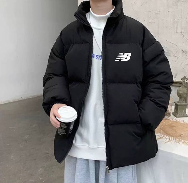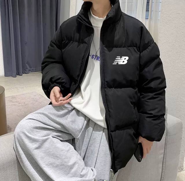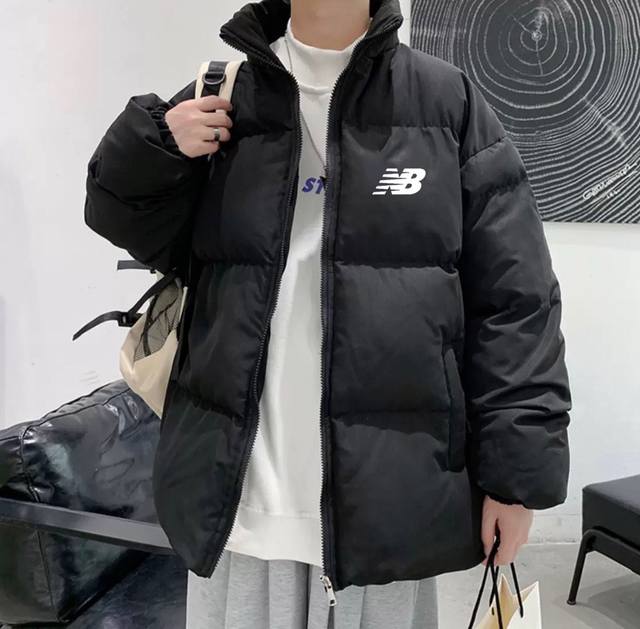 New Arrival New Balance NB Loose Down Cotton Jacket with Stand Collar DDD Made with soft Oxford cloth and 750 Xinjiang down cotton, high-density filling for warmth and comfort. The loose fit enhances freedom of movement. Features PU printed original custom label and hangtag. DDD Color: Black DDD Size: M
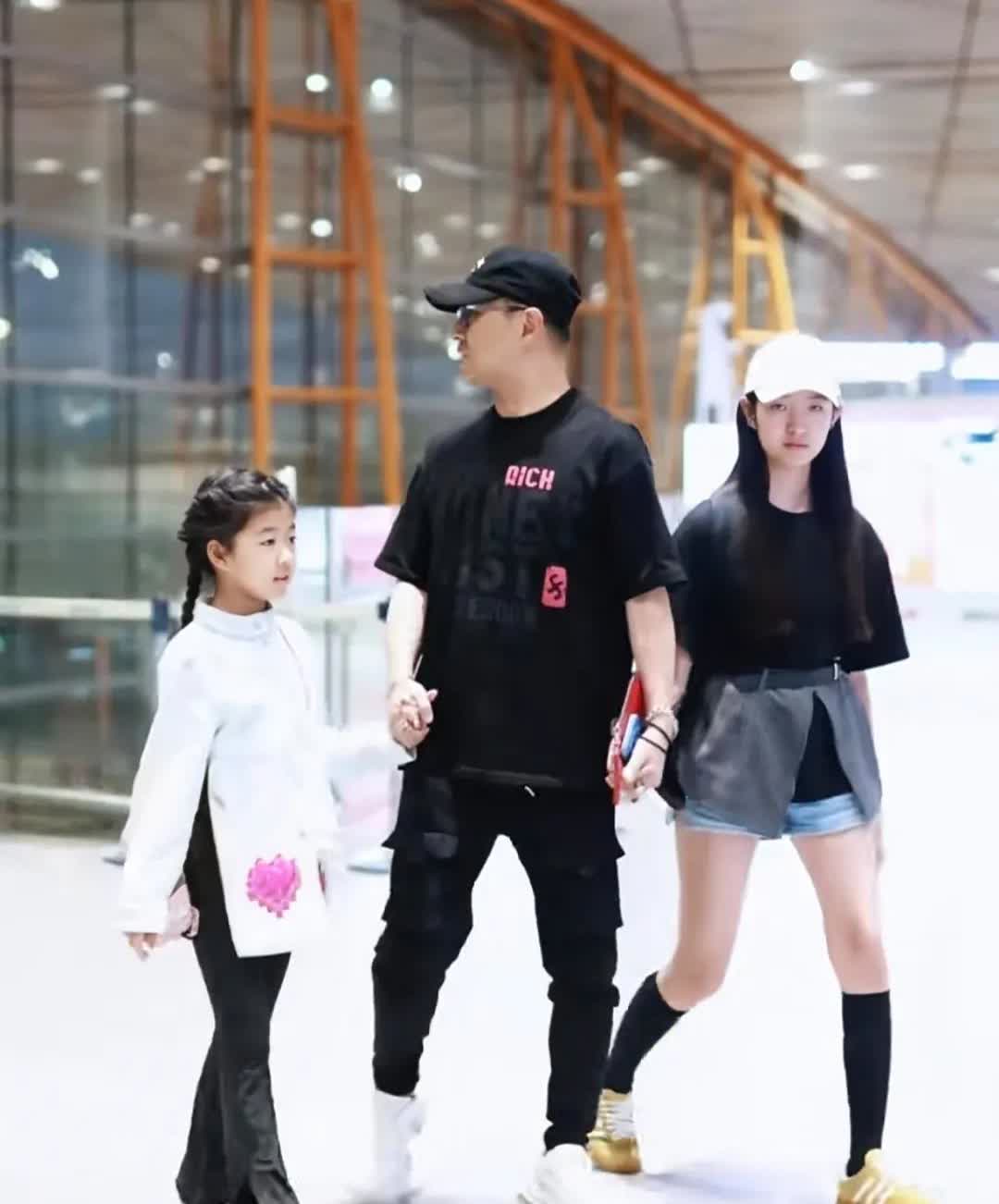 汪峰带三个女儿旅游回国, 现身机场! 右手拉着醒醒,左手牵着二女儿,后面跟着
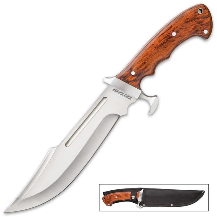Our Woodsman’s Knife Set is a collection of Ridge Runner knives that features handsomely crafted, premium wooden handles. A high-quality set like this makes an excellent choice of gift for a husband, father, son or friend. The Woodland Reverie Bowie Knife features richly veined zebra wood handle scales that are not only visually attractive but supremely hard and wear-resistant. It has a hefty 8” stainless steel blade and a uniquely designed, cast metal guard. Even though the bowie knife is impressive at 13 1/4” overall, its ideal weight distribution makes it effortless to use. The second bowie knife included is the Denali Ridge Bowie, which will make short work of any cutting or chopping task that comes up when you’re out on the trail, at the campsite or on the hunt. It features natural-look, woodgrain pakkawood handle scales, secured with stainless steel pins, and has a comfortably curved design. The full-tang, razor-sharp 3Cr13 stainless steel clip point blade is a massive 11” and the spine has partial filework. This is a workhorse up that you can depend on to stand-up to hard-used for years and years. Finally, included in the premium set is the Gentleman’s Hunting Pocket Knife, a great addition to your hunting gear to take care of the cutting tasks that come up during the season. The premium pakkawood handle scales also have a natural-look woodgrain and are complemented by a stainless steel bolster and leather lanyard. The keenly sharp 3 1/2″ stainless steel blade with a satin finish, which can be deployed quickly with assisted opening. The great-looking pocket knife is 4 3/4”, when closed, and has an overall length of 8”. Each of the fixed blade knives can be carried in its tough nylon belt sheath and the pocket knife has a pocket clip. The Woodsman’s Knife Set highlights the true craftsmanship that makes Ridge Runner Knives the top of the line in today’s market!
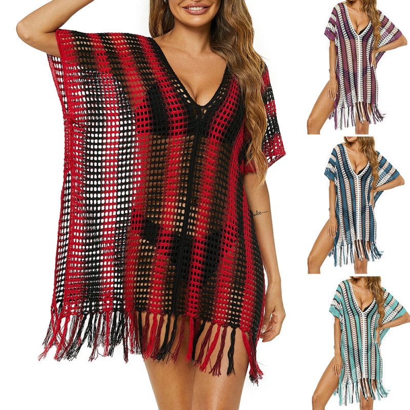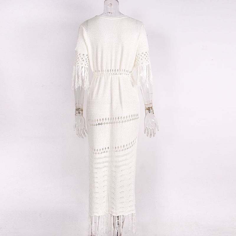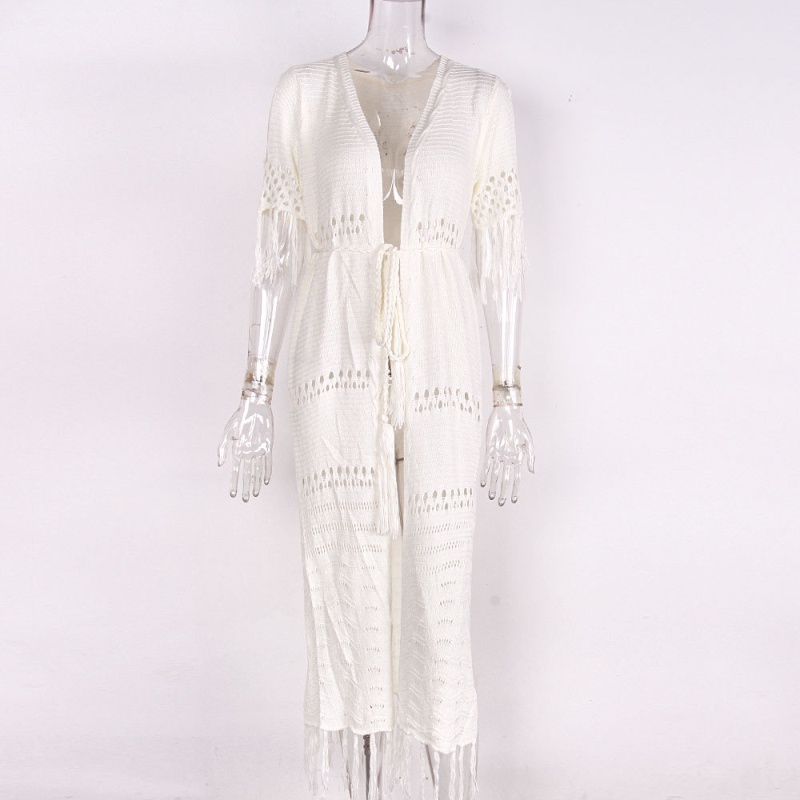 春夏新款 纯色针织开衫跨境比基尼罩衫裙腰带长款沙滩衣
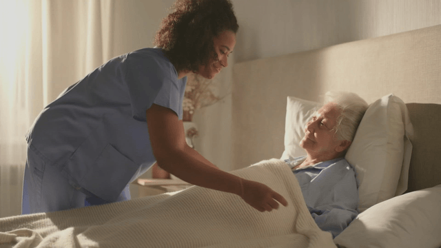 병실에서 의사와 간호사로부터 건강상태를 확인받는 환자의 시점
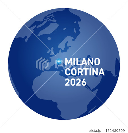 ミラノ・コルティナの位置をしめす地球儀の世界地図
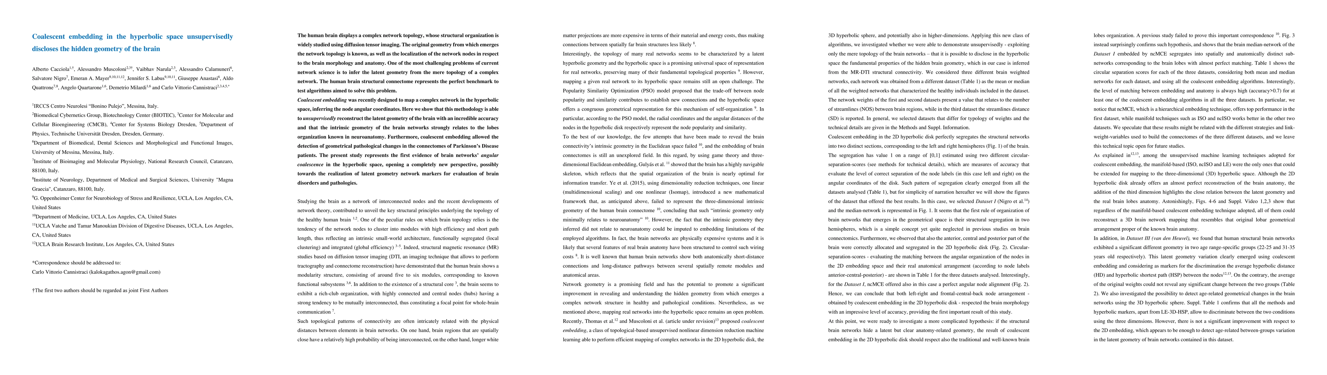 The human brain displays a complex network topology, whose structural organization is widely studied using diffusion tensor imaging. The original geometry from which emerges the network topology is known, as well as the localization of the network nodes in respect to the brain morphology and anatomy. One of the most challenging problems of current network science is to infer the latent geometry from the mere topology of a complex network. The human brain structural connectome represents the perfect benchmark to test algorithms aimed to solve this problem. Coalescent embedding was recently designed to map a complex network in the hyperbolic space, inferring the node angular coordinates. Here we show that this methodology is able to unsupervisedly reconstruct the latent geometry of the brain with an incredible accuracy and that the intrinsic geometry of the brain networks strongly relates to the lobes organization known in neuroanatomy. Furthermore, coalescent embedding allowed the detection of geometrical pathological changes in the connectomes of Parkinson's Disease patients. The present study represents the first evidence of brain networks' angular coalescence in the hyperbolic space, opening a completely new perspective, possibly towards the realization of latent geometry network markers for evaluation of brain disorders and pathologies.

● ● ● ●

→ **TASK BRIEF**
Each line from the first line of the records through the line containing "ミラノ・コルティナの位置をしめす地球儀の世界地図" must be reproduced exactly, with both ends included and all pictures omitted; nothing else belongs in the answer.

→ **COMPLETED TASK**
 New Arrival New Balance NB Loose Down Cotton Jacket with Stand Collar DDD Made with soft Oxford cloth and 750 Xinjiang down cotton, high-density filling for warmth and comfort. The loose fit enhances freedom of movement. Features PU printed original custom label and hangtag. DDD Color: Black DDD Size: M
 汪峰带三个女儿旅游回国, 现身机场! 右手拉着醒醒,左手牵着二女儿,后面跟着
Our Woodsman’s Knife Set is a collection of Ridge Runner knives that features handsomely crafted, premium wooden handles. A high-quality set like this makes an excellent choice of gift for a husband, father, son or friend. The Woodland Reverie Bowie Knife features richly veined zebra wood handle scales that are not only visually attractive but supremely hard and wear-resistant. It has a hefty 8” stainless steel blade and a uniquely designed, cast metal guard. Even though the bowie knife is impressive at 13 1/4” overall, its ideal weight distribution makes it effortless to use. The second bowie knife included is the Denali Ridge Bowie, which will make short work of any cutting or chopping task that comes up when you’re out on the trail, at the campsite or on the hunt. It features natural-look, woodgrain pakkawood handle scales, secured with stainless steel pins, and has a comfortably curved design. The full-tang, razor-sharp 3Cr13 stainless steel clip point blade is a massive 11” and the spine has partial filework. This is a workhorse up that you can depend on to stand-up to hard-used for years and years. Finally, included in the premium set is the Gentleman’s Hunting Pocket Knife, a great addition to your hunting gear to take care of the cutting tasks that come up during the season. The premium pakkawood handle scales also have a natural-look woodgrain and are complemented by a stainless steel bolster and leather lanyard. The keenly sharp 3 1/2″ stainless steel blade with a satin finish, which can be deployed quickly with assisted opening. The great-looking pocket knife is 4 3/4”, when closed, and has an overall length of 8”. Each of the fixed blade knives can be carried in its tough nylon belt sheath and the pocket knife has a pocket clip. The Woodsman’s Knife Set highlights the true craftsmanship that makes Ridge Runner Knives the top of the line in today’s market!
 春夏新款 纯色针织开衫跨境比基尼罩衫裙腰带长款沙滩衣
 병실에서 의사와 간호사로부터 건강상태를 확인받는 환자의 시점
 ミラノ・コルティナの位置をしめす地球儀の世界地図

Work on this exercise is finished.